## Task instructions
Given the records below, the lines starting at the line with "Le gilet Christelle, c’est" and ending at the line with "Portas c/ PETG" should be output exactly, both end lines kept and pictures left out.

## Material shown
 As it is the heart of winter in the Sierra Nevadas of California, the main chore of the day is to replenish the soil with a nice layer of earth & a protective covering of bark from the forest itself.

---

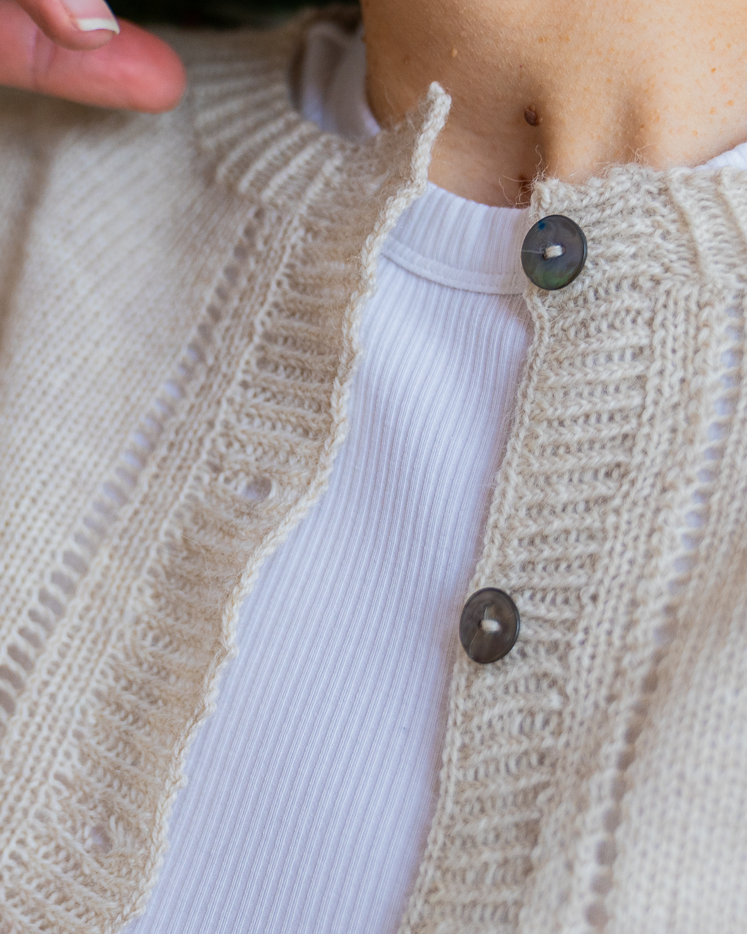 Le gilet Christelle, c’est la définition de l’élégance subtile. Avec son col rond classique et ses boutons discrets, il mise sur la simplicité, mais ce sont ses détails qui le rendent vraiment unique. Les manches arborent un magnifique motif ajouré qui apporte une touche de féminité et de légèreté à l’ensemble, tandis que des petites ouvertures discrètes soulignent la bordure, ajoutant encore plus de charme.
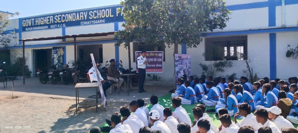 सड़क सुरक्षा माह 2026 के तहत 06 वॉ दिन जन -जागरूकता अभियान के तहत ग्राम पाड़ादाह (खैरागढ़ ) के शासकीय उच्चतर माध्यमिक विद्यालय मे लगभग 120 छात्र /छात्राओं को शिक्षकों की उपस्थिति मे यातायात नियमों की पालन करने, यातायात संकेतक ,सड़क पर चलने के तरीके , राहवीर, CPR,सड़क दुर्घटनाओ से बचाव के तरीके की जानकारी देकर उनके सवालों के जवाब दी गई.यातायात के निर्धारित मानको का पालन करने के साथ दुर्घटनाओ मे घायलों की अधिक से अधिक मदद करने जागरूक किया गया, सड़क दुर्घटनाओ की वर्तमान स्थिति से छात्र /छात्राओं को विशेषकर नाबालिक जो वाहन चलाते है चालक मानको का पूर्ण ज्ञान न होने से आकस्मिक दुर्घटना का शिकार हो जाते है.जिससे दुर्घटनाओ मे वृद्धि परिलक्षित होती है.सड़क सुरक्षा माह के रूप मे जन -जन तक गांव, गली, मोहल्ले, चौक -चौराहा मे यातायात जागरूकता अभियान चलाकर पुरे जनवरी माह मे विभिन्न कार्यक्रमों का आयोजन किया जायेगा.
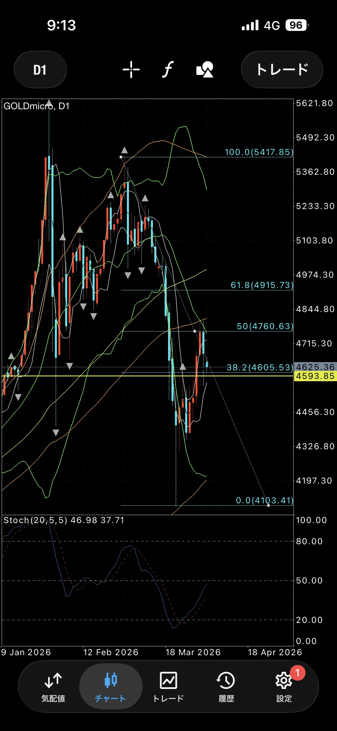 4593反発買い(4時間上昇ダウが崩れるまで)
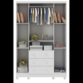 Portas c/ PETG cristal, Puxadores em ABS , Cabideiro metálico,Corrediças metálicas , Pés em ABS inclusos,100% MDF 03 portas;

## Solution to this problem
 Le gilet Christelle, c’est la définition de l’élégance subtile. Avec son col rond classique et ses boutons discrets, il mise sur la simplicité, mais ce sont ses détails qui le rendent vraiment unique. Les manches arborent un magnifique motif ajouré qui apporte une touche de féminité et de légèreté à l’ensemble, tandis que des petites ouvertures discrètes soulignent la bordure, ajoutant encore plus de charme.
 सड़क सुरक्षा माह 2026 के तहत 06 वॉ दिन जन -जागरूकता अभियान के तहत ग्राम पाड़ादाह (खैरागढ़ ) के शासकीय उच्चतर माध्यमिक विद्यालय मे लगभग 120 छात्र /छात्राओं को शिक्षकों की उपस्थिति मे यातायात नियमों की पालन करने, यातायात संकेतक ,सड़क पर चलने के तरीके , राहवीर, CPR,सड़क दुर्घटनाओ से बचाव के तरीके की जानकारी देकर उनके सवालों के जवाब दी गई.यातायात के निर्धारित मानको का पालन करने के साथ दुर्घटनाओ मे घायलों की अधिक से अधिक मदद करने जागरूक किया गया, सड़क दुर्घटनाओ की वर्तमान स्थिति से छात्र /छात्राओं को विशेषकर नाबालिक जो वाहन चलाते है चालक मानको का पूर्ण ज्ञान न होने से आकस्मिक दुर्घटना का शिकार हो जाते है.जिससे दुर्घटनाओ मे वृद्धि परिलक्षित होती है.सड़क सुरक्षा माह के रूप मे जन -जन तक गांव, गली, मोहल्ले, चौक -चौराहा मे यातायात जागरूकता अभियान चलाकर पुरे जनवरी माह मे विभिन्न कार्यक्रमों का आयोजन किया जायेगा.
 4593反発買い(4時間上昇ダウが崩れるまで)
 Portas c/ PETG cristal, Puxadores em ABS , Cabideiro metálico,Corrediças metálicas , Pés em ABS inclusos,100% MDF 03 portas;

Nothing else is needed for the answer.